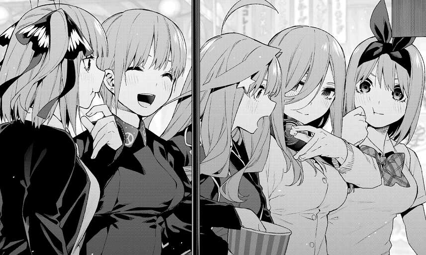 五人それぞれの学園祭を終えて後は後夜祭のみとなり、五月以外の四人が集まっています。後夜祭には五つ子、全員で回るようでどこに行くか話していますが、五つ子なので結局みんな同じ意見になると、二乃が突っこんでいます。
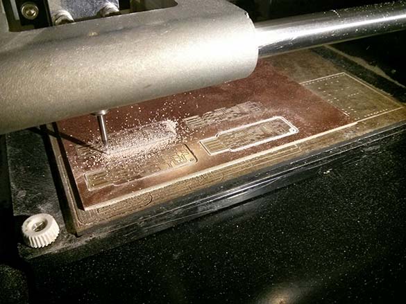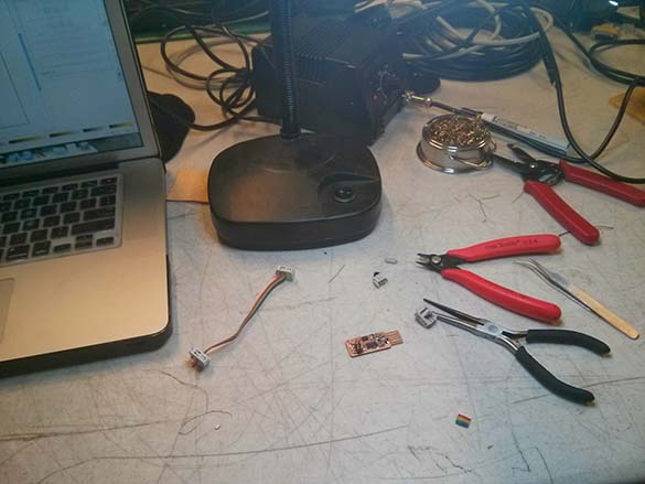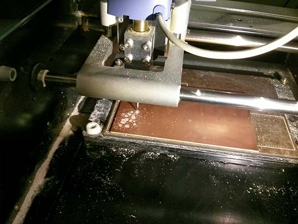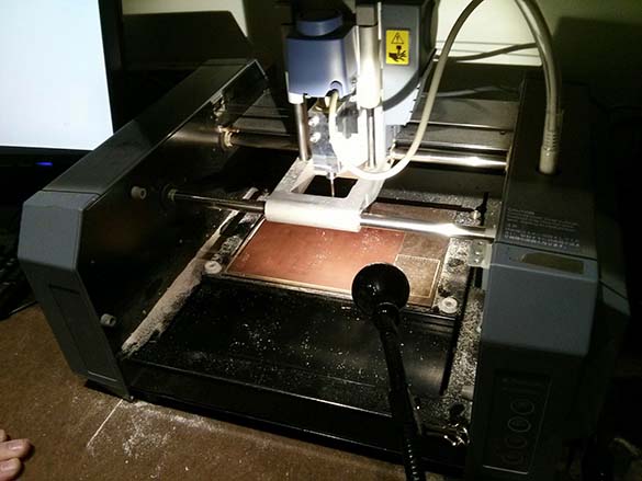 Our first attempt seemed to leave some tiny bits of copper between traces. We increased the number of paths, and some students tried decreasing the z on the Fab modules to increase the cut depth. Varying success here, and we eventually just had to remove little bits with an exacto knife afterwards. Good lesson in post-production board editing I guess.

--

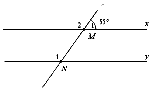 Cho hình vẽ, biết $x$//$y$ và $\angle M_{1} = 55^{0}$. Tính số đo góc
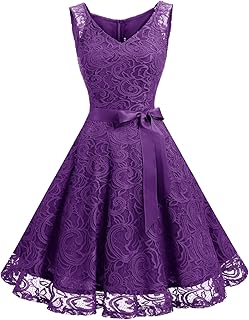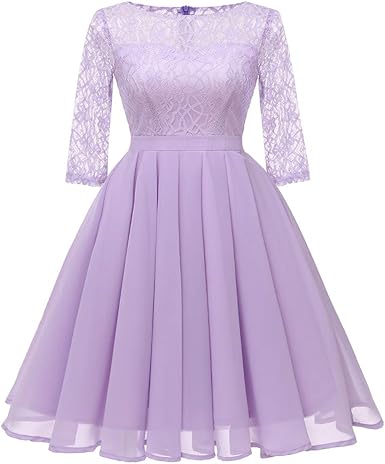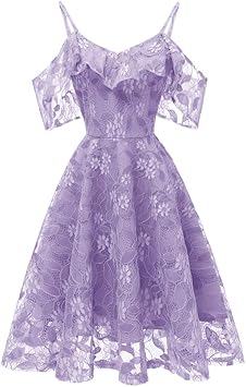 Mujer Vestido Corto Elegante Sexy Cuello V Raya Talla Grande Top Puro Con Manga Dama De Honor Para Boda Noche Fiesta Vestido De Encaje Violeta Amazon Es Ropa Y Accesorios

* * *

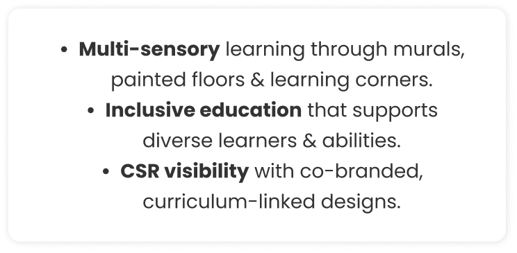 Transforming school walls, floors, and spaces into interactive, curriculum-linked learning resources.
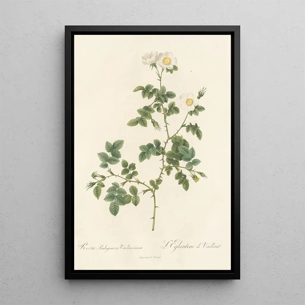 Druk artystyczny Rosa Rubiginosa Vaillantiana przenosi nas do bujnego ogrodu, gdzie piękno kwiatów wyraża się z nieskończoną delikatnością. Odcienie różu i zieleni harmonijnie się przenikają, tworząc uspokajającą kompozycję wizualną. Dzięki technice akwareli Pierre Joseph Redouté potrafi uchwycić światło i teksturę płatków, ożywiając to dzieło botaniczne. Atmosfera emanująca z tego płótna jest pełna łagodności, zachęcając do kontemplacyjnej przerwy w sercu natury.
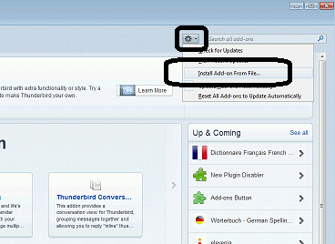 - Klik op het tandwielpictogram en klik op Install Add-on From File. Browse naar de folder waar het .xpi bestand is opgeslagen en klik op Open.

Exercise » Restate the lines above from the one containing "Druk artystyczny Rosa" through the one containing "- Klik op het", inclusive, exactly and without pictures.

Answer space »
 Druk artystyczny Rosa Rubiginosa Vaillantiana przenosi nas do bujnego ogrodu, gdzie piękno kwiatów wyraża się z nieskończoną delikatnością. Odcienie różu i zieleni harmonijnie się przenikają, tworząc uspokajającą kompozycję wizualną. Dzięki technice akwareli Pierre Joseph Redouté potrafi uchwycić światło i teksturę płatków, ożywiając to dzieło botaniczne. Atmosfera emanująca z tego płótna jest pełna łagodności, zachęcając do kontemplacyjnej przerwy w sercu natury.
 - Klik op het tandwielpictogram en klik op Install Add-on From File. Browse naar de folder waar het .xpi bestand is opgeslagen en klik op Open.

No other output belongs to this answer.